Some scholars think publishing should operate like the Linux computer
operating system, where programmers build on each other's work in an
ongoing, collaborative project. In the scholarly realm, a database
called arXiv -- pronounced "archive," as if the "x" were the Greek
letter "chi" -- has become a repository of scholarship in the physics
field. It's owned and operated by Cornell University and partially
supported by the National Science Foundation. If the UC
administration has its way, something like that would be the norm
throughout academia.
To experienced publishers, much of the open-access talk seems naive.
"A lot of this is self-righteous talk," says Alan Leshner, executive
publisher of Science and chief executive of its nonprofit parent, the
American Association for the Advancement of Science. He says giving
away content isn't a viable business model because of the tremendous
costs of putting out reputable journals.
He notes that Science gets 12,000 submissions and publishes 800
articles a year on a $10 million editorial budget. That averages more
than $10,000 per published article, a high number because of the
costs associated with handling the unusually large number of
submissions the journal receives. Industry experts say typical per-
article costs are between $3,000 and $4,000.
If open access takes off, information will flow faster, but
publishers will make less money. Among those who would be hurt is
Reed Elsevier.
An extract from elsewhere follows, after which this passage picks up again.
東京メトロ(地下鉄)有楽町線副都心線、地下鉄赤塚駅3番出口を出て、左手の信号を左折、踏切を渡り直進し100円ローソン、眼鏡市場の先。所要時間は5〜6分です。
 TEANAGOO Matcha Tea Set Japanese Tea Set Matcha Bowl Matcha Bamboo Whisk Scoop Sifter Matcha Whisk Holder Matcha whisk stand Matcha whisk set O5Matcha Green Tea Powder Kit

Sami Kassab, analyst at investment house Exane BNP
Paribas in London, estimates that such a movement could sharply cut
the company's profit margin on periodicals to between 10% and 15% of
revenue, from the current 30% or more.
Currently, the open-access movement makes up between 1% and 2% of the
market, experts say. While that number seems small, the concept is
assuming an important role channeling academic discontent.
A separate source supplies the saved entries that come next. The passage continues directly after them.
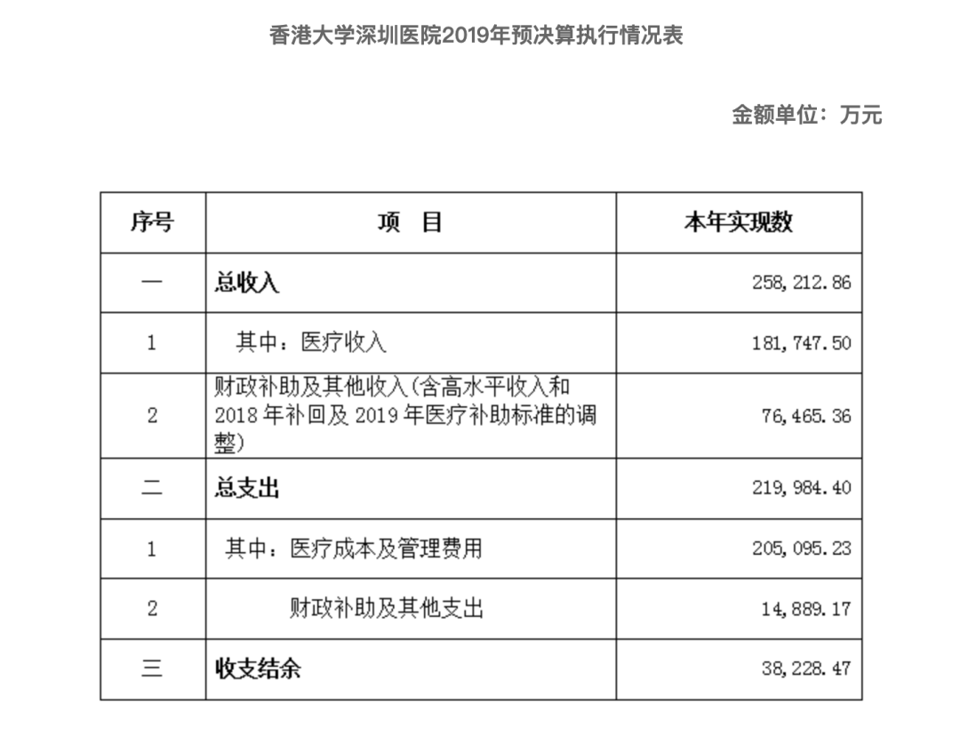 有数据显示,截至 2018 年底,深圳市政府共向香港大学深圳医院拨付财政补助资金 15.8 亿元。据 2019 年决算数据显示,该医院总收入 25.8 亿,其中财政补助 7.6 亿。其兄弟院校深圳大学附属第一医院的决算数据中财政补助(含其他收入)约 4.3 亿。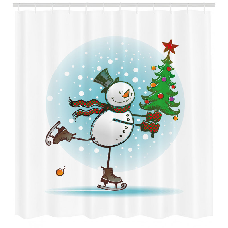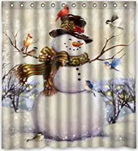 Holiday Shower Curtain Christmas Snowman Shower Curtain Polyester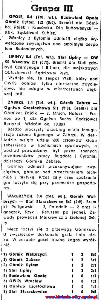 1951: Budowlani Opole – Górnik Bytom 1:2, Górnik Bytom – Budowlani Opole 3:0

"There's a lot of sentiment that work is being taken advantage of by
the commercial publishers," says Alessandro Lizzeri, associate
professor of economics at New York University and editor of
Elsevier's Journal of Economic Theory. He says that while editors get
little compensation for their work, authors and reviewers -- aside
from prestige -- usually get nothing or just a nominal fee.
Prof. Lizzeri says that two of the 40 members of his editorial board
resigned recently because the journal isn't free to readers. "If half
the board resigns I'm in trouble," he says.
These rumblings hit the University of California early on. In October
2003, faculty members made a rare display of solidarity with the
university administration. Two scientists at the University of
California at San Francisco staged a protest over a $91,000 bill from
Elsevier's Cell Press unit for one year's access to six biology
journals. The two professors called for a world-wide boycott, urging
fellow scholars at UC and beyond to refuse to serve as authors,
editors or peer reviewers at the six periodicals in question.
Their timing couldn't have been better for the university
administration, which was just about to begin negotiations with the
Reed Elsevier unit over a new contract. In the late 1990s, all UC
campuses had banded together into a single buying consortium. In
2002, the university hired Dr. Greenstein, a history professor turned
expert on digital libraries. With the state of California's budget
crisis forcing him to trim library spending to $62 million a year,
Dr. Greenstein wanted to take a hard line.
"It was the opening shot, really, in struggling head-on with this
world of scientific publishing," says Keith Yamamoto, executive vice
dean at UCSF medical school and one of the boycott's leaders.
The university was paying Elsevier $10.3 million a year for print and
online subscriptions to most of its 1,800 journals. The university
demanded a 25% reduction and at one point threatened to walk away
from the table.
As the negotiations grew tense, faculty at other UC campuses started
to chime in sympathetically. The UC Santa Cruz faculty senate passed
a resolution urging faculty to boycott Elsevier journals by refusing
to submit articles or to serve on periodical boards.
"That alarmed us," says a Reed Elsevier spokeswoman in Amsterdam.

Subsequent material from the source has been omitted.